What a responsibility? Should I flame? Grow
incandescent
? Overblow like a ripe rose reddening the earth? Die—when I do—in a spasm of passion or smoulder wetly like this wet-peat age?

If Radegunda heard me! “Pagan posturings!” she would say.

I should work on my acrostic: nothing pagan about that. It’s the subtlest I’ve devised and will consist of four holy proverbs—which should please her—placed two aslant, one vertically and one athwart to form two superimposed crosses so cunningly concealed in a poem that they might pass unperceived if not picked out in coloured inks. That’ll impress the patrons! “An astounding piece of work, Fortunatus! Unique. The ancients themselves never …” “Oh spare my blushes, my lord bishop,” (or duke? Why not send it to Lupus? Or the kings?) “it is a trifle, merely a token of my profound and heartfelt etcetera. The cross, they say, is the ladder to heaven and so I have sent your lordship (or majesty) two. Not that your lordship needs …” Flourish and reflourish. Meanwhile my fingers are frozen. Skin sticking to the pen. Rub. Shake. Swing. Pull. Have a drink of mulled wine. Oh these lonely, lonely nights! To think I was once gregarious!
In
taberna
quando
sumus
. I had, have, a nice voice. But who would sing alone? Alone, all alone and with enough lamp-oil to see the night through. Few men around here can afford that—but then few suffer from insomnia. Does that make me Fortunatus or infortunatus? Old question. Radegunda too is probably awake but praying—and so not alone. I perhaps should pray but am always afraid of boring God. “Arrogance,” says Radegunda. “Humility,” say I but acknowledge that the boundary-line is thin. “Words don’t matter,” she says and I disagree. For me words matter more than anything. I cannot cope with what cannot be put into words. Like her experiences.
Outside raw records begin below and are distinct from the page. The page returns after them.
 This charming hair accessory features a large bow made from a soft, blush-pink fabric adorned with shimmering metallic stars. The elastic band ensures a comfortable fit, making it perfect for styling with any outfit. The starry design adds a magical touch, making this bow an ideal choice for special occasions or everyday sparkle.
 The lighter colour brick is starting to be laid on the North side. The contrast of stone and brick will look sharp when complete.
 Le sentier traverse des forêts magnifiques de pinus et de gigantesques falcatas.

Her trances which she describes as “beyond words”. But can anything human be “beyond words”? “Yes,” she says and to some extent I believe her. I believe she does come in contact with a life source, the godhead perhaps, anyway a level of reality unreached by the rest of us and which she can’t describe. What I cannot accept is that
I
‚ with her help, may not manage eventually to grasp and describe it. I harry her, pressing for precision about these forays, these edgings into the
undefinable
. I wait. I am like a cartographer questioning some sun-stunned mariner who has been lost off the map, trying to chart the contents of a raving mind, appalled but stimulated by the news that there are wastes about which
nothing
is
known
—in cartographer’s terms—and that
I
may be the one to draw the first map. She needs me to write her life. I shall ensure that when it is finished she will be more revered than any saint who has not had the benefit of my promotion. Careless of the world’s opinion, she won’t appreciate this. Others will: my patrons and perhaps even God.
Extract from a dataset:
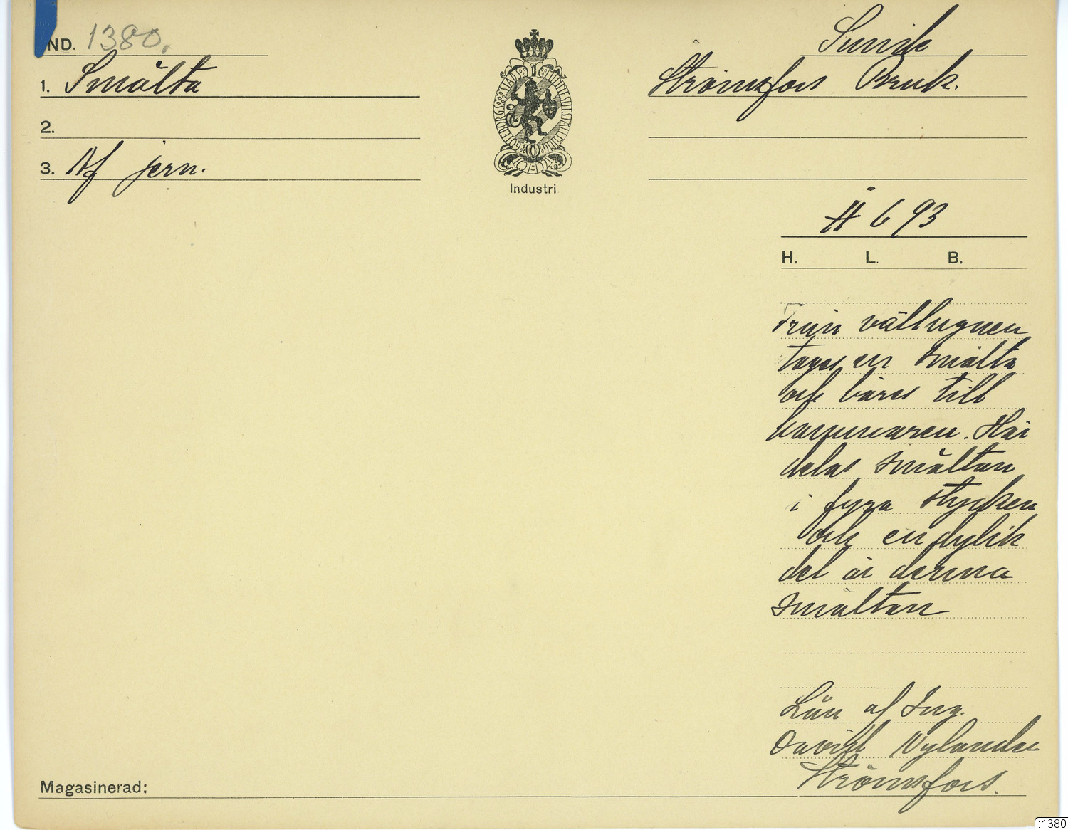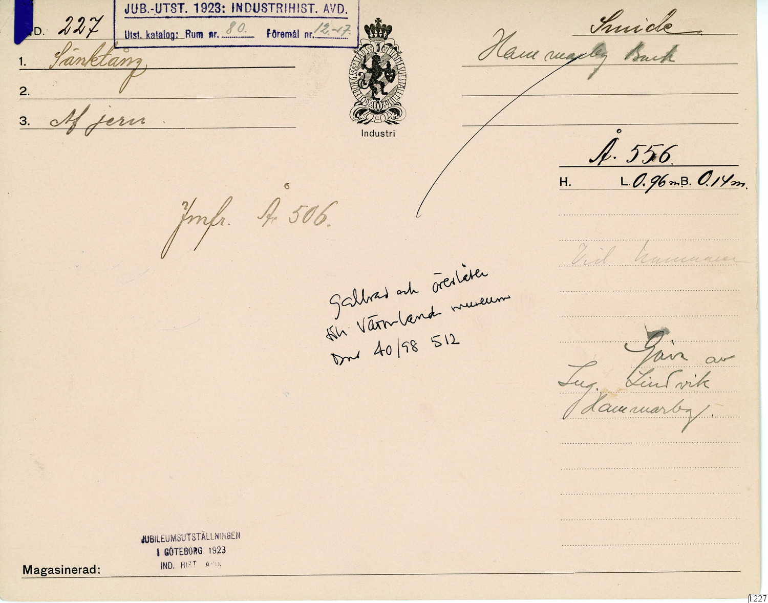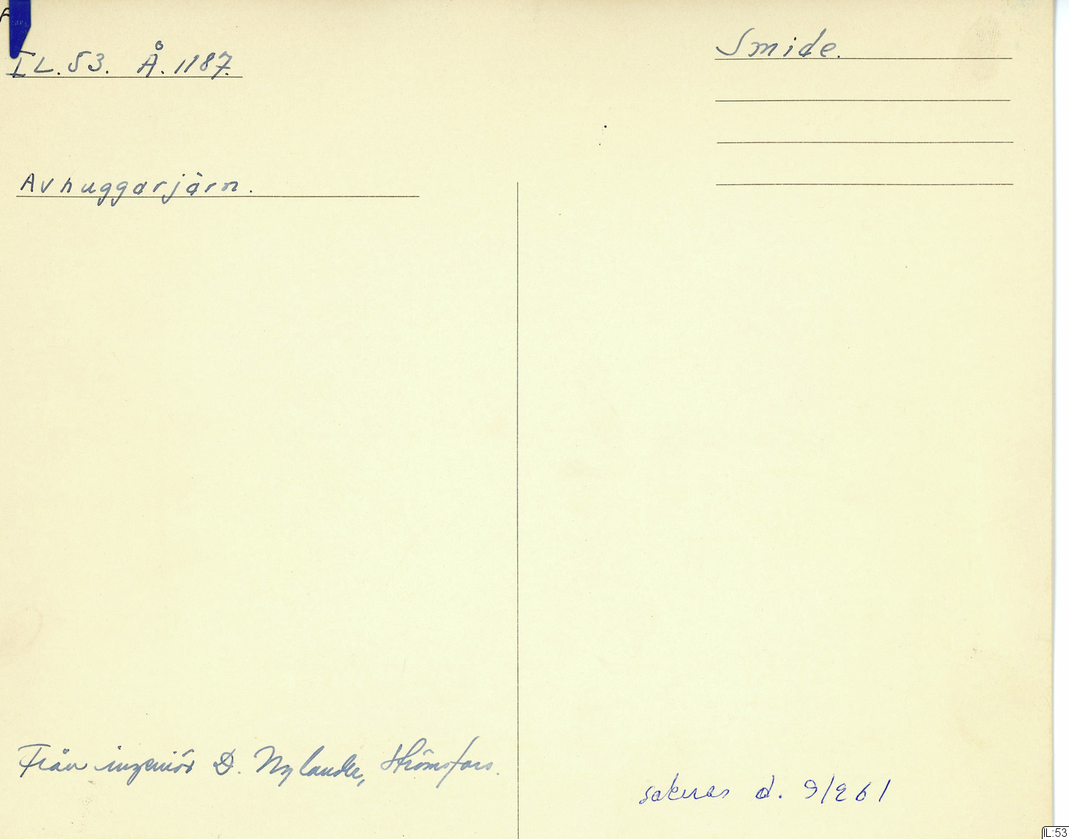 GIM katalogkort Industri 9 : Järnindustri IX : Smide 1: Smältsmide

I knew within an hour of meeting her that I was meant to stay and be her biographer. That was two years ago. There were practical reasons too but they were merely clues to a destiny I had already somehow divined. I told her and she offered me this house. “Destiny” was the word to sway her. Not my sort of word at all. As though it had been put into my mouth. Everything did seem to happen without my taking much initiative. It wasn’t even my own idea to come here. It was King Chilperic’s, her stepson. Odd go-between!

He’s a truly nasty piece of goods, a memorable monster: epic, ruthless and, when I first saw him, visibly bloody. His finger-nails were packed with it. A smear was drying on his beard. He’d been hunting and his appearance startled me into a Virgilian quotation about black and flowing gore—not the most tactful greeting to a multiple murderer. As soon as I’d said the words I wished I’d swallowed them. But he was pleased and the quote—a well-worn one from a
florilegium
of pagan writings for Christian readers—struck the court as betokening
astonishing
learning on my part.

“We Franks”, he told me, “are heirs to the whole
Gallo-Roman
system and that includes poetry. I’m a bit of a poet myself but I don’t delude myself as to my talents. Latin isn’t my first language. Now you are a godsend. Ravenna’s loss will be Soisson’s gain. Write me an ode.”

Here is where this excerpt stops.